Похоже, энергия свингующих в ночи винограда, кораблика, льдинки, ключа пульсирует где-то между двумя ночными полюсами: «…два всадника скачут: тоска и покой.
Уфлянд вообще, как никто, любит движение: «В ногах земля пружинит. / В глазах мелькает небо. / О бег во имя жизни! / О жизнь во имя бега!» (писано для пьесы Льва Лосева и Юрия Михайлова «Олимпиада!»). И это тоже про пляску-свободу длиною в жизнь.
В жизни Уфлянд, наподобие шекспировских шутов, был на редкость самодостаточен: «Он любит одиночество без притворства. Я не помню другого человека, столь мало заинтересованного в окружающих», — пишет Довлатов; правда, немедленно после идет рассказ о радушии, гостеприимстве и живейшем общении в подпитии и даже на трезвую голову.
«Внешне бодр, / внутри я плачу. / Сплю тревожно. / Ем с трудом. // Значит, вновь пора на дачу. / Там — Россия. Там мой дом. //
Да, Уфлянд с его изысканным обэриутством наивен! Он весел без горечи и сарказма. Прост без глупости. И в жизни, и на фото, и почти всегда в стихах и прозе. «В детстве я понял, что люблю выдумывать. Точнее, делать из того, что вижу, нечто мне более по вкусу. Потом заметил, что эти изделия вымысла многим нравятся. Потом обнаружил, что могу рисовать и писать в рифму».
Говоря о Гаврильчике, Уфлянд, кажется, утверждал и свое кредо: «Наивным должно быть всякое настоящее дело.
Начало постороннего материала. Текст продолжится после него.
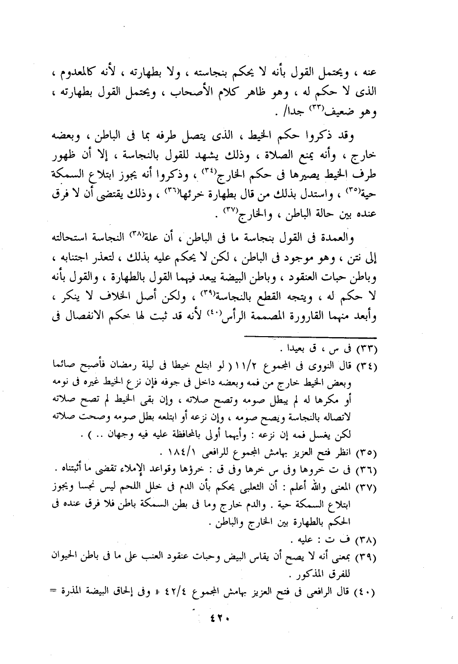 وقد ذكروا حكم الخيط، الذي يتصل طرفه بما في الباطن، وبعضه خارج، وأنه يمنع الصلاة، وذلك يشهد للقول بالنجاسة، إلا أن ظهور طرف الخيط يصيرها في حكم الخارج، وذكروا أنه يجوز ابتلاع السمكة حية، واستدل بذلك من قال بطهارة خرئها، وذلك يقتضي أن لا فرق عنده بين حالة الباطن، والخارج.

Слишком серьезные, искушенные люди в искусстве унылы».
Многое в жизни, вроде правильное и справедливое, оставляет странное послевкусие, и с этим ничего не поделаешь.
История, рассказанная Львом Друскиным, сложнее:
Испортился барометр старинный.
Всегда одно твердит, ополоумев.
Уперся стрелкой в бурю, да и только, —
Так и стоит, проклятый, на своем.
Приходил мастер, «мудрил, бубнил, присвистывал, старался» и в итоге, разозлившись, отказался от чая и денег и посоветовал: «Да выкиньте его!»: прибор безнадежен. Барометр отнесли в кладовку.
Но в темноте, когда стихает город
И за окном спокойно и бесшумно
Стоят огни — солдатики ночные,
Закрыв глаза, я вижу, как в пыли,
Под рваной шубой, рядом с лампой ржавой,
Лежит он и предсказывает бурю.
Ну чем не ворон Эдгара По, пророчествующий в ночи? Чем не революционно-милитаристский ворон Багрицкого? Только теперь кто к этому отнесется серьезно, вынесли в чулан, и всё тут — судьба романтизма. Но он — и тут нет ничего смешного — и там, среди хлама, предсказывает бурю в темноте и тишине. А что, если он прав?